## YOUR INSTRUCTIONS
Restate word for word the opening line of the data below and every line after it until the line with "廣發(fā)證券-互聯(li", that line too, but not the pictures.

## DATA SHOWN
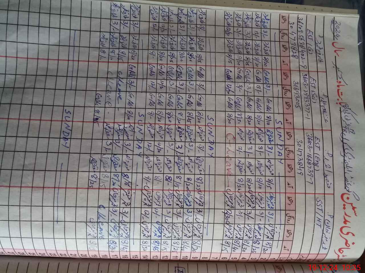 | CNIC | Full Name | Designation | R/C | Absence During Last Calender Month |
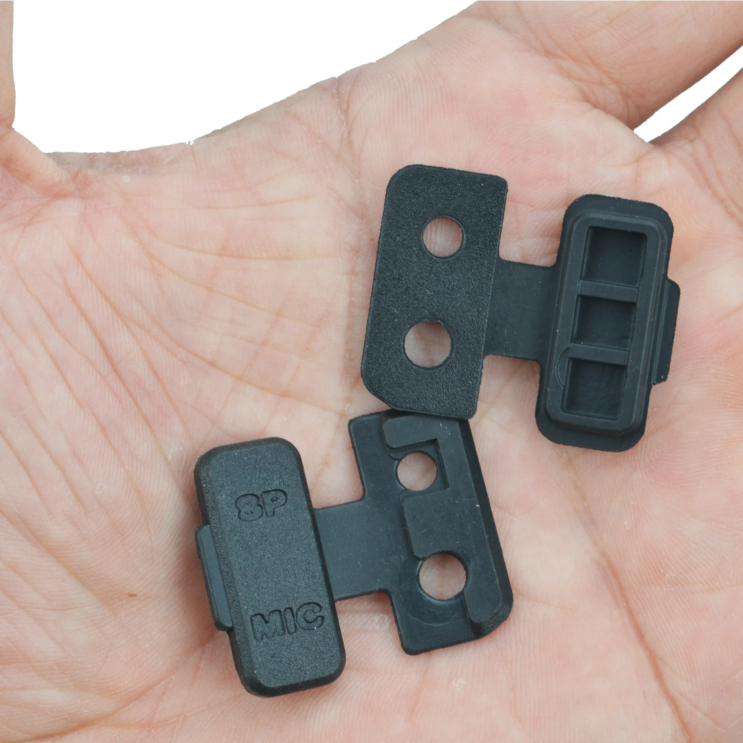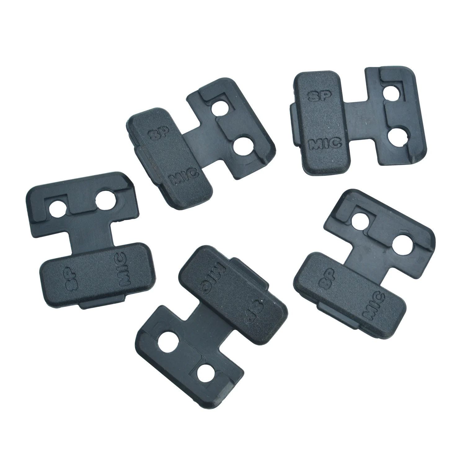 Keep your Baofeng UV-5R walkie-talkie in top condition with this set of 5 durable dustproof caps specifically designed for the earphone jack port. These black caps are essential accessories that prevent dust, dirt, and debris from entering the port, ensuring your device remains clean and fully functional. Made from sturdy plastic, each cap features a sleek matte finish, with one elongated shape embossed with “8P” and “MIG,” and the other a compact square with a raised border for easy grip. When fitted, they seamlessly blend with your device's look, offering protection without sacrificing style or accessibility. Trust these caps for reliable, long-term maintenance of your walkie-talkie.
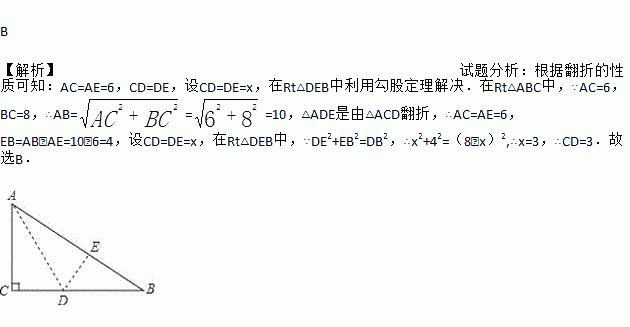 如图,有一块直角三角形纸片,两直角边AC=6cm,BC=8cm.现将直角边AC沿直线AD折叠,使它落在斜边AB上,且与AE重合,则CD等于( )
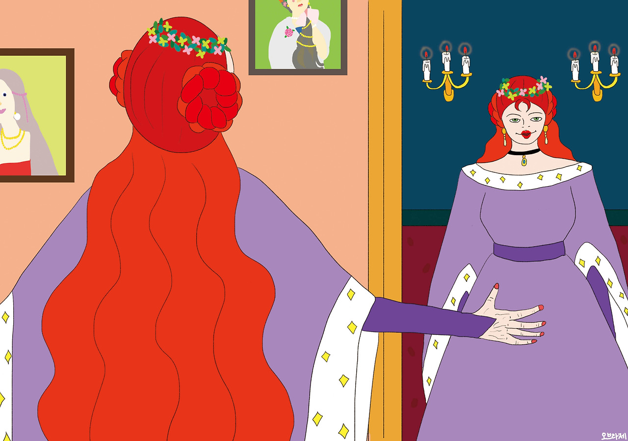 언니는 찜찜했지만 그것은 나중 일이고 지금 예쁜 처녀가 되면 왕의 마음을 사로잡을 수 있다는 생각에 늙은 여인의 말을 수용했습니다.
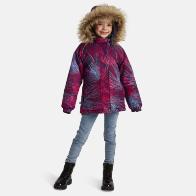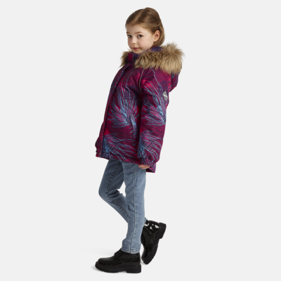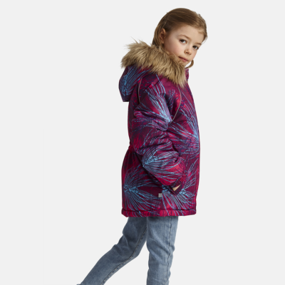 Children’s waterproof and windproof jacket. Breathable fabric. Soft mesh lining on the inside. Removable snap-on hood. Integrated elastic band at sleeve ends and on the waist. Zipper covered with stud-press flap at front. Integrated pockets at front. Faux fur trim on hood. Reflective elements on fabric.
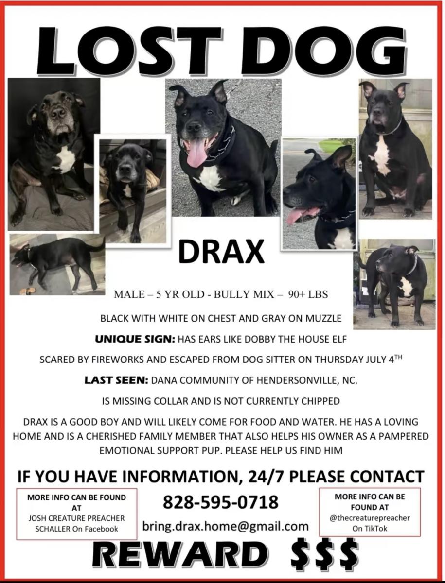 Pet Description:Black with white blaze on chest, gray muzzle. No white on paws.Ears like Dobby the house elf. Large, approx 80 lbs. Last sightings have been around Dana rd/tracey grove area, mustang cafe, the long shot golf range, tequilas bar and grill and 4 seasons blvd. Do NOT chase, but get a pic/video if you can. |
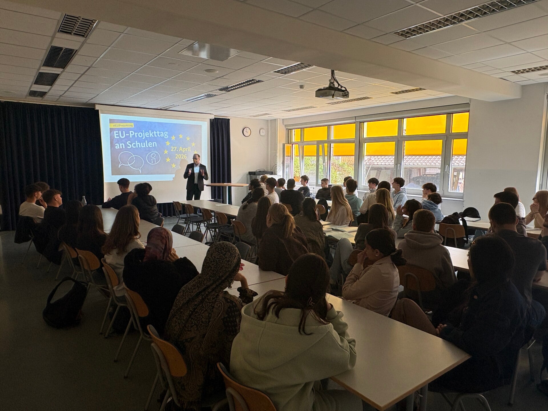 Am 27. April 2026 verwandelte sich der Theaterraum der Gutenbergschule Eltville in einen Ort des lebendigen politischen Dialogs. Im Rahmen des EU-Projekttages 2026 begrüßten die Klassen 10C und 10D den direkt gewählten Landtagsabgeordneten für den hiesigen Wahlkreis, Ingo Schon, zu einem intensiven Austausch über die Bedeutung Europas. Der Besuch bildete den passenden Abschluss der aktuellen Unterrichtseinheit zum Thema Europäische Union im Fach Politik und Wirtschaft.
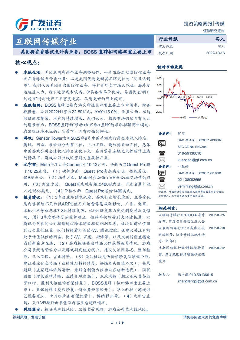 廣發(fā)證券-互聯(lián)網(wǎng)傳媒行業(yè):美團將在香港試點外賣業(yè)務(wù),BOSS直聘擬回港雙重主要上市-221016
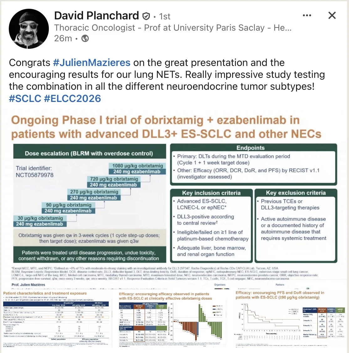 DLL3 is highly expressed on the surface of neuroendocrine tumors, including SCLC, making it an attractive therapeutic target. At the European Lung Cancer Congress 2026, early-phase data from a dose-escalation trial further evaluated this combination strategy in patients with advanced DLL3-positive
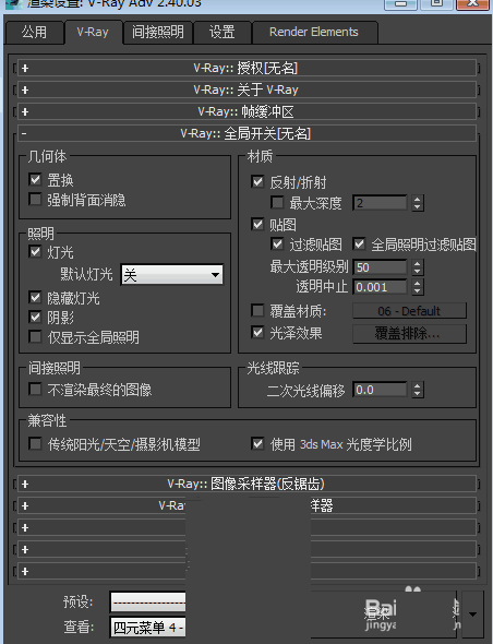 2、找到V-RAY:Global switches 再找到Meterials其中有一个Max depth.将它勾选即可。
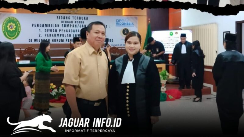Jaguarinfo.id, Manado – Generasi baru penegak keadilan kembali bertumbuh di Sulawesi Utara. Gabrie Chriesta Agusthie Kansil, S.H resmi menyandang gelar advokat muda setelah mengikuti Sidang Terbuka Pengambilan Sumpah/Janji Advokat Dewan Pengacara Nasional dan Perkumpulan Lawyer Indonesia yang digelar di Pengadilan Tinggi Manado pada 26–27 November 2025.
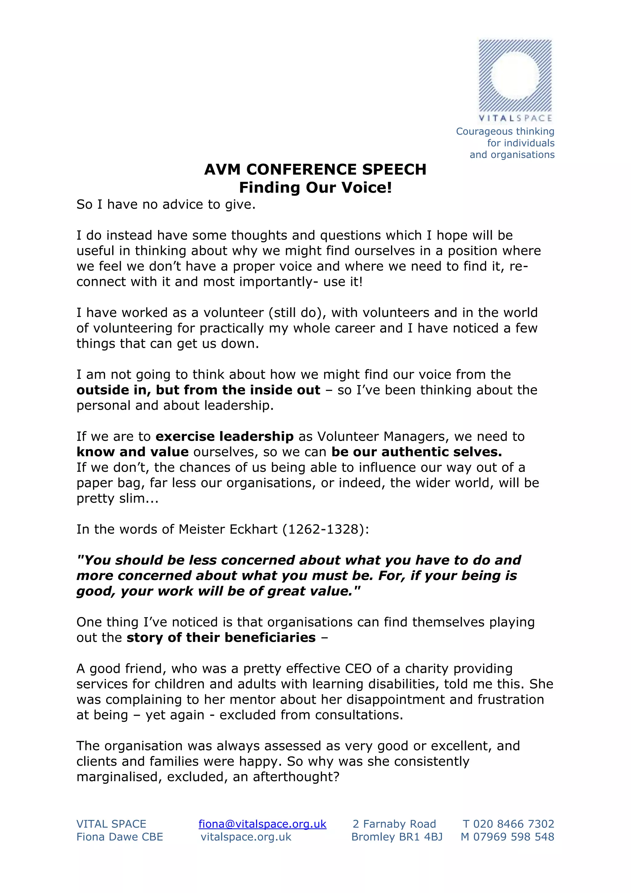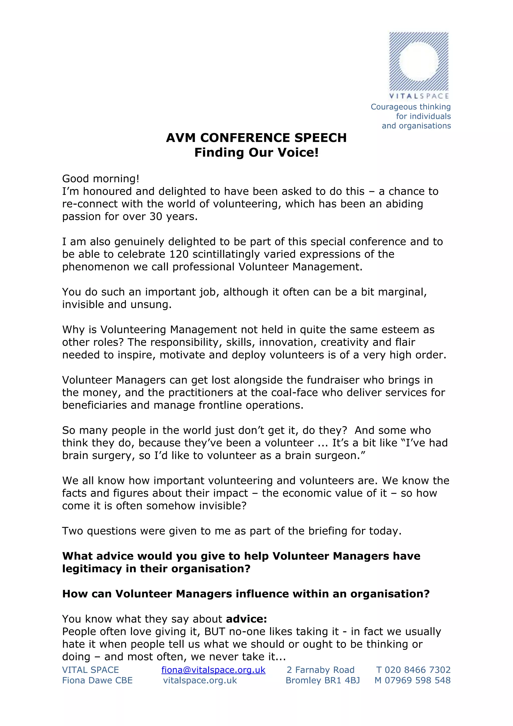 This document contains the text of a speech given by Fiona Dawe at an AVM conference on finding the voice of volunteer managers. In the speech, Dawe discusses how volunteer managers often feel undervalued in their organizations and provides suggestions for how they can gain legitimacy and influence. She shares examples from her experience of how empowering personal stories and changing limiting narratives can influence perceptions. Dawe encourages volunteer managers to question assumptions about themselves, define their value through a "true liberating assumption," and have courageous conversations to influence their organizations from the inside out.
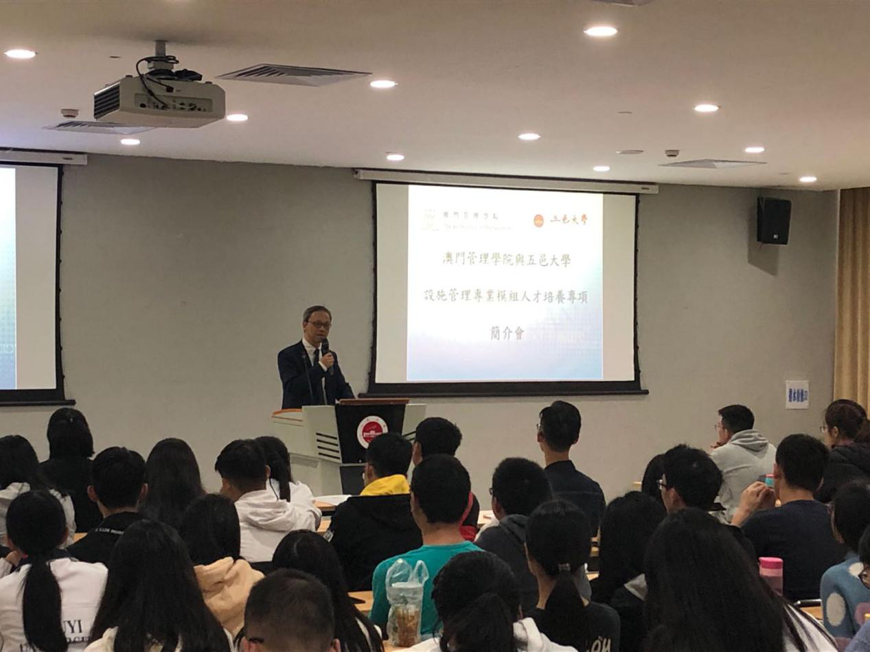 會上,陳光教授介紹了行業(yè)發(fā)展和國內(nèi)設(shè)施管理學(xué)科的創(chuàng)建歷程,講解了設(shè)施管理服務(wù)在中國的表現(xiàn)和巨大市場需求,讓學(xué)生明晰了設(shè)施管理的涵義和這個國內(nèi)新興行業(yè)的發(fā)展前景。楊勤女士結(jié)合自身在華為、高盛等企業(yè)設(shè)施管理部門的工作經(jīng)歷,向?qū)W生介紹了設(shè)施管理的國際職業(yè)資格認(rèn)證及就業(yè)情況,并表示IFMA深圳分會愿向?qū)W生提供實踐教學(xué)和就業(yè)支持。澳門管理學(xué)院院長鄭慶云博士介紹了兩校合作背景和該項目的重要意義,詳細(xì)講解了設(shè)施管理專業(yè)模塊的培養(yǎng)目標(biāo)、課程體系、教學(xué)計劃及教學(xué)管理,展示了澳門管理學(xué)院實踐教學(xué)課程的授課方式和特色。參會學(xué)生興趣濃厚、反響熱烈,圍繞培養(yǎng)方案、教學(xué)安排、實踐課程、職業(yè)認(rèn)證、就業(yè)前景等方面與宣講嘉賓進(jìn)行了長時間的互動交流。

## ANSWER TO THIS PROBLEM
 | CNIC | Full Name | Designation | R/C | Absence During Last Calender Month |
 Keep your Baofeng UV-5R walkie-talkie in top condition with this set of 5 durable dustproof caps specifically designed for the earphone jack port. These black caps are essential accessories that prevent dust, dirt, and debris from entering the port, ensuring your device remains clean and fully functional. Made from sturdy plastic, each cap features a sleek matte finish, with one elongated shape embossed with “8P” and “MIG,” and the other a compact square with a raised border for easy grip. When fitted, they seamlessly blend with your device's look, offering protection without sacrificing style or accessibility. Trust these caps for reliable, long-term maintenance of your walkie-talkie.
 如图,有一块直角三角形纸片,两直角边AC=6cm,BC=8cm.现将直角边AC沿直线AD折叠,使它落在斜边AB上,且与AE重合,则CD等于( )
 언니는 찜찜했지만 그것은 나중 일이고 지금 예쁜 처녀가 되면 왕의 마음을 사로잡을 수 있다는 생각에 늙은 여인의 말을 수용했습니다.
 Children’s waterproof and windproof jacket. Breathable fabric. Soft mesh lining on the inside. Removable snap-on hood. Integrated elastic band at sleeve ends and on the waist. Zipper covered with stud-press flap at front. Integrated pockets at front. Faux fur trim on hood. Reflective elements on fabric.
 Pet Description:Black with white blaze on chest, gray muzzle. No white on paws.Ears like Dobby the house elf. Large, approx 80 lbs. Last sightings have been around Dana rd/tracey grove area, mustang cafe, the long shot golf range, tequilas bar and grill and 4 seasons blvd. Do NOT chase, but get a pic/video if you can. |
 Am 27. April 2026 verwandelte sich der Theaterraum der Gutenbergschule Eltville in einen Ort des lebendigen politischen Dialogs. Im Rahmen des EU-Projekttages 2026 begrüßten die Klassen 10C und 10D den direkt gewählten Landtagsabgeordneten für den hiesigen Wahlkreis, Ingo Schon, zu einem intensiven Austausch über die Bedeutung Europas. Der Besuch bildete den passenden Abschluss der aktuellen Unterrichtseinheit zum Thema Europäische Union im Fach Politik und Wirtschaft.
 廣發(fā)證券-互聯(lián)網(wǎng)傳媒行業(yè):美團將在香港試點外賣業(yè)務(wù),BOSS直聘擬回港雙重主要上市-221016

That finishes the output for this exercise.